Work instruction:
To complete this task, print all the data below exactly but leave out the images.

Dataset content:
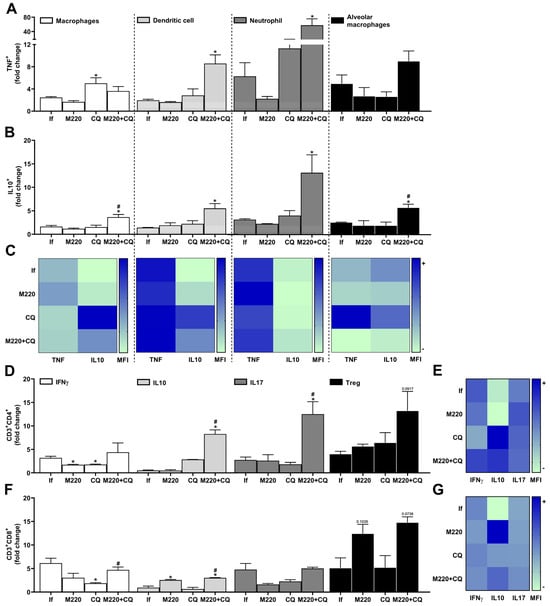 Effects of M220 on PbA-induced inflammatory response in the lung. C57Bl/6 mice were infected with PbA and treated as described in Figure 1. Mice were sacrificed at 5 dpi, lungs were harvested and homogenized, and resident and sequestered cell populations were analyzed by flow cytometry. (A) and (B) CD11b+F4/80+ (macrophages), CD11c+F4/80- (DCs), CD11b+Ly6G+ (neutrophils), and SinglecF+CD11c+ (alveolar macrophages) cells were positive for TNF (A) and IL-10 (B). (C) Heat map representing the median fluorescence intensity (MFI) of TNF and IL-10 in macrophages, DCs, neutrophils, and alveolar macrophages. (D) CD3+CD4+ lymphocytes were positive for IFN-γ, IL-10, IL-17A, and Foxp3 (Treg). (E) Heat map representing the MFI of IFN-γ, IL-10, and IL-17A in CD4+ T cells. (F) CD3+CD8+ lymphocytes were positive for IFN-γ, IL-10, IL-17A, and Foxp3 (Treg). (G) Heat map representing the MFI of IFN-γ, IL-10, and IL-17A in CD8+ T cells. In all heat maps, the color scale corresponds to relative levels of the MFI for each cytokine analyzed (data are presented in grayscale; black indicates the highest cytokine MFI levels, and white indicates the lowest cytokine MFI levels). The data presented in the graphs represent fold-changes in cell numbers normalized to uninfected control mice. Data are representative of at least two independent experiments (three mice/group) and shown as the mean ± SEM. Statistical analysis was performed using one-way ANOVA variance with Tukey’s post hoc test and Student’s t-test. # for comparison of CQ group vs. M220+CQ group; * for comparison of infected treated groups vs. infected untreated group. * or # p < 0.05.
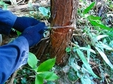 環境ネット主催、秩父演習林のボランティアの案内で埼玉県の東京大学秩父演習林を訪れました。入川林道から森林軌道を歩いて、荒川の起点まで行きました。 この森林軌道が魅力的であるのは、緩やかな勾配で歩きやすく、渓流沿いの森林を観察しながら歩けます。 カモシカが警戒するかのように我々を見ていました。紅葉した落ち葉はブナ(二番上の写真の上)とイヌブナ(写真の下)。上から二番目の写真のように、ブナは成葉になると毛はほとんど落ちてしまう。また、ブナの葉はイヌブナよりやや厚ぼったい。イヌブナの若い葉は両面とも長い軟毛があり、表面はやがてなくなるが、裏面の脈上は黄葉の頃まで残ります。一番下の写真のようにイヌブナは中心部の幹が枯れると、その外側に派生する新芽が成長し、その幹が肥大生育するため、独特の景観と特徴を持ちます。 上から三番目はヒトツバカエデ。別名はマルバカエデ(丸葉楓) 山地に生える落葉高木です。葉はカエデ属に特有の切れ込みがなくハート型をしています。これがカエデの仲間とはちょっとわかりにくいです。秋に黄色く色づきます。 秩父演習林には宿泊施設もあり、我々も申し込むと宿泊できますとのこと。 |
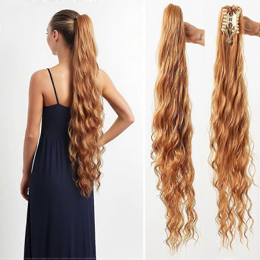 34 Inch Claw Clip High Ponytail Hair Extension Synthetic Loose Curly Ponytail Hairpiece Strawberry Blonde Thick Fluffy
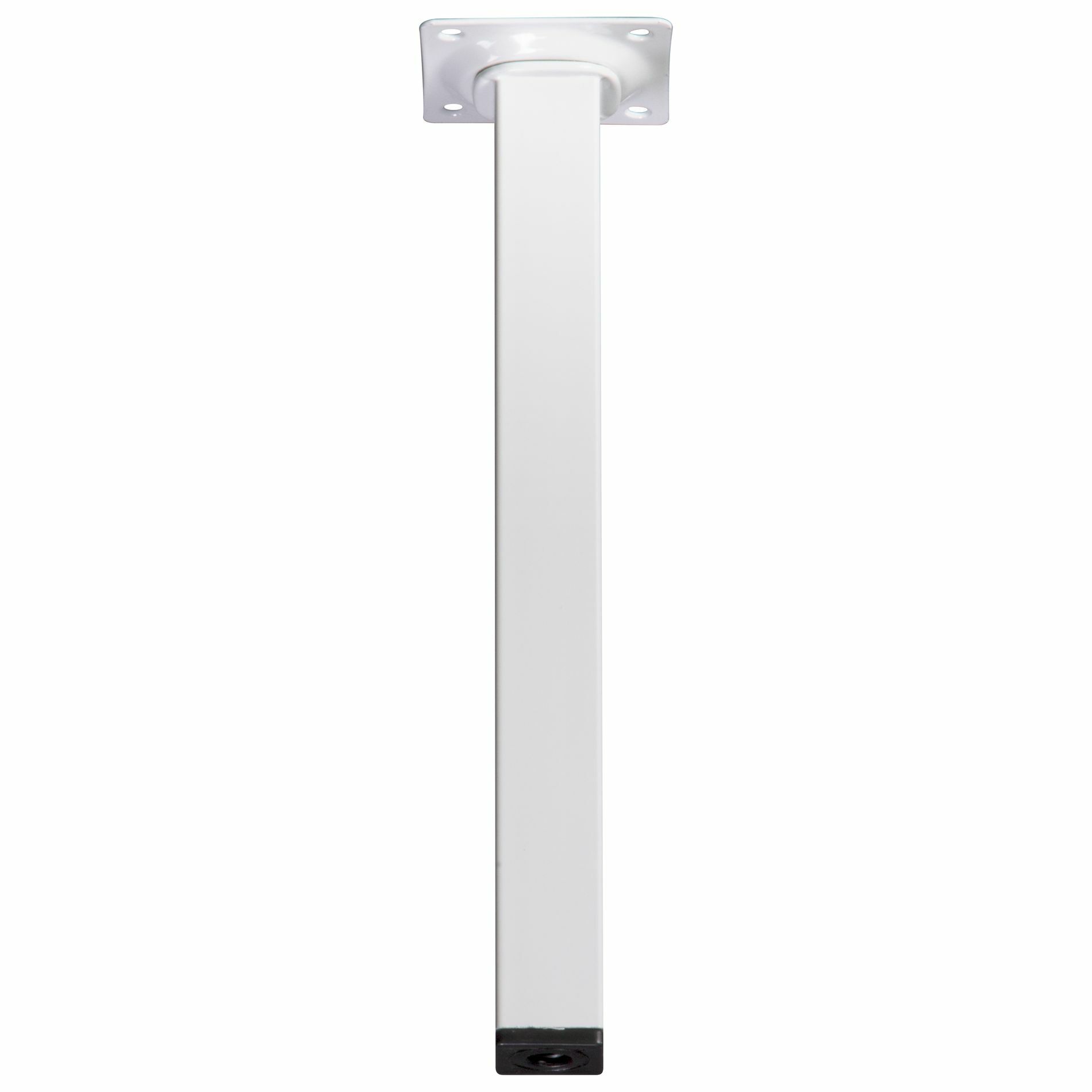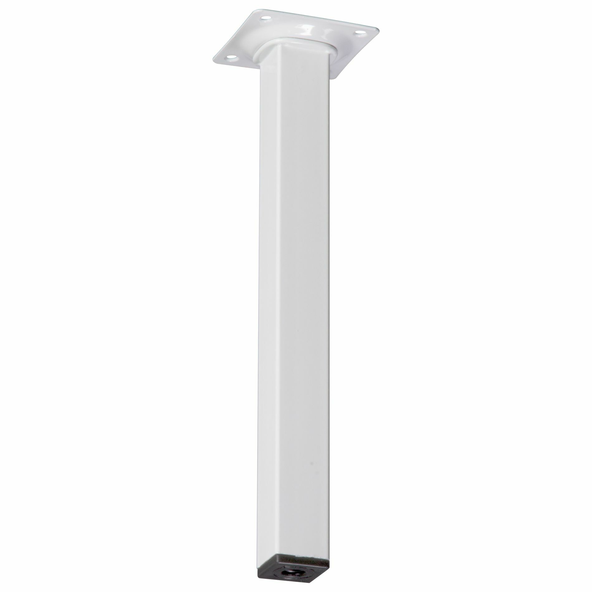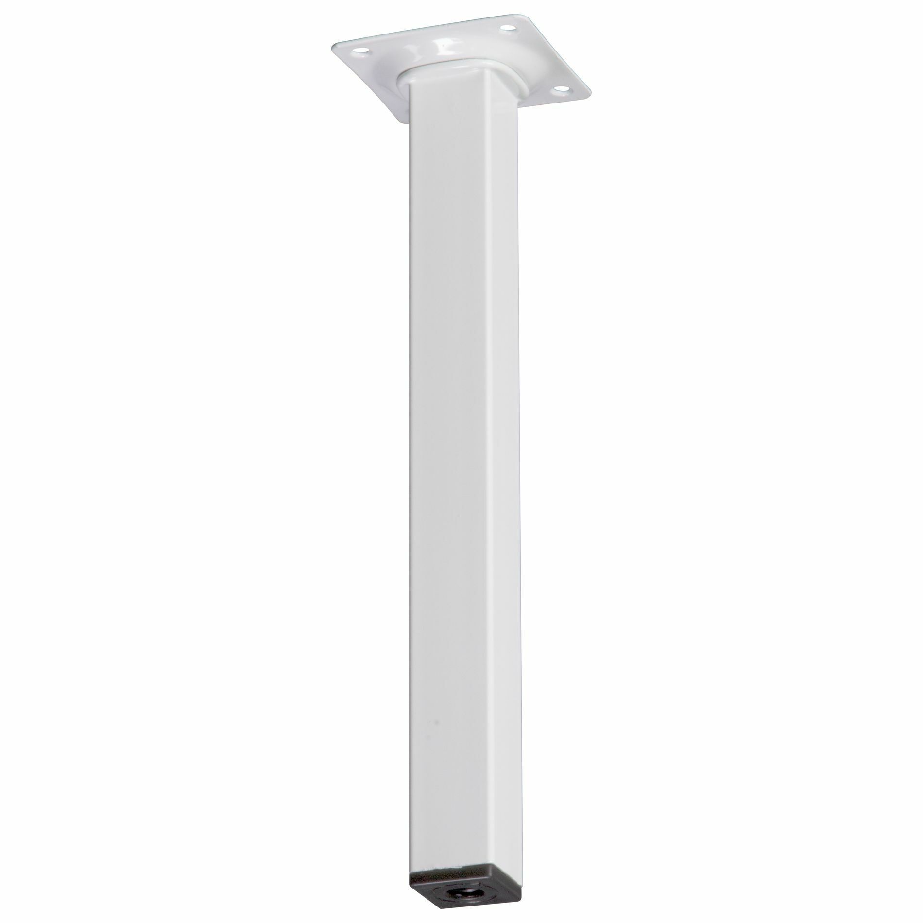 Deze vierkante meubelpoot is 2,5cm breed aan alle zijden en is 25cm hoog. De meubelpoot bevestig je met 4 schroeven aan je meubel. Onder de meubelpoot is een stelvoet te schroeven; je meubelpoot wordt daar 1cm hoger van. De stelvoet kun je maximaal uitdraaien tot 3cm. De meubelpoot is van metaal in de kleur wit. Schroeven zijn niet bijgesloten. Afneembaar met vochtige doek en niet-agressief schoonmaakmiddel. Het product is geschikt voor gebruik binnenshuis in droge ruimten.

Task result:
 Effects of M220 on PbA-induced inflammatory response in the lung. C57Bl/6 mice were infected with PbA and treated as described in Figure 1. Mice were sacrificed at 5 dpi, lungs were harvested and homogenized, and resident and sequestered cell populations were analyzed by flow cytometry. (A) and (B) CD11b+F4/80+ (macrophages), CD11c+F4/80- (DCs), CD11b+Ly6G+ (neutrophils), and SinglecF+CD11c+ (alveolar macrophages) cells were positive for TNF (A) and IL-10 (B). (C) Heat map representing the median fluorescence intensity (MFI) of TNF and IL-10 in macrophages, DCs, neutrophils, and alveolar macrophages. (D) CD3+CD4+ lymphocytes were positive for IFN-γ, IL-10, IL-17A, and Foxp3 (Treg). (E) Heat map representing the MFI of IFN-γ, IL-10, and IL-17A in CD4+ T cells. (F) CD3+CD8+ lymphocytes were positive for IFN-γ, IL-10, IL-17A, and Foxp3 (Treg). (G) Heat map representing the MFI of IFN-γ, IL-10, and IL-17A in CD8+ T cells. In all heat maps, the color scale corresponds to relative levels of the MFI for each cytokine analyzed (data are presented in grayscale; black indicates the highest cytokine MFI levels, and white indicates the lowest cytokine MFI levels). The data presented in the graphs represent fold-changes in cell numbers normalized to uninfected control mice. Data are representative of at least two independent experiments (three mice/group) and shown as the mean ± SEM. Statistical analysis was performed using one-way ANOVA variance with Tukey’s post hoc test and Student’s t-test. # for comparison of CQ group vs. M220+CQ group; * for comparison of infected treated groups vs. infected untreated group. * or # p < 0.05.
 環境ネット主催、秩父演習林のボランティアの案内で埼玉県の東京大学秩父演習林を訪れました。入川林道から森林軌道を歩いて、荒川の起点まで行きました。 この森林軌道が魅力的であるのは、緩やかな勾配で歩きやすく、渓流沿いの森林を観察しながら歩けます。 カモシカが警戒するかのように我々を見ていました。紅葉した落ち葉はブナ(二番上の写真の上)とイヌブナ(写真の下)。上から二番目の写真のように、ブナは成葉になると毛はほとんど落ちてしまう。また、ブナの葉はイヌブナよりやや厚ぼったい。イヌブナの若い葉は両面とも長い軟毛があり、表面はやがてなくなるが、裏面の脈上は黄葉の頃まで残ります。一番下の写真のようにイヌブナは中心部の幹が枯れると、その外側に派生する新芽が成長し、その幹が肥大生育するため、独特の景観と特徴を持ちます。 上から三番目はヒトツバカエデ。別名はマルバカエデ(丸葉楓) 山地に生える落葉高木です。葉はカエデ属に特有の切れ込みがなくハート型をしています。これがカエデの仲間とはちょっとわかりにくいです。秋に黄色く色づきます。 秩父演習林には宿泊施設もあり、我々も申し込むと宿泊できますとのこと。 |
 34 Inch Claw Clip High Ponytail Hair Extension Synthetic Loose Curly Ponytail Hairpiece Strawberry Blonde Thick Fluffy
 Deze vierkante meubelpoot is 2,5cm breed aan alle zijden en is 25cm hoog. De meubelpoot bevestig je met 4 schroeven aan je meubel. Onder de meubelpoot is een stelvoet te schroeven; je meubelpoot wordt daar 1cm hoger van. De stelvoet kun je maximaal uitdraaien tot 3cm. De meubelpoot is van metaal in de kleur wit. Schroeven zijn niet bijgesloten. Afneembaar met vochtige doek en niet-agressief schoonmaakmiddel. Het product is geschikt voor gebruik binnenshuis in droge ruimten.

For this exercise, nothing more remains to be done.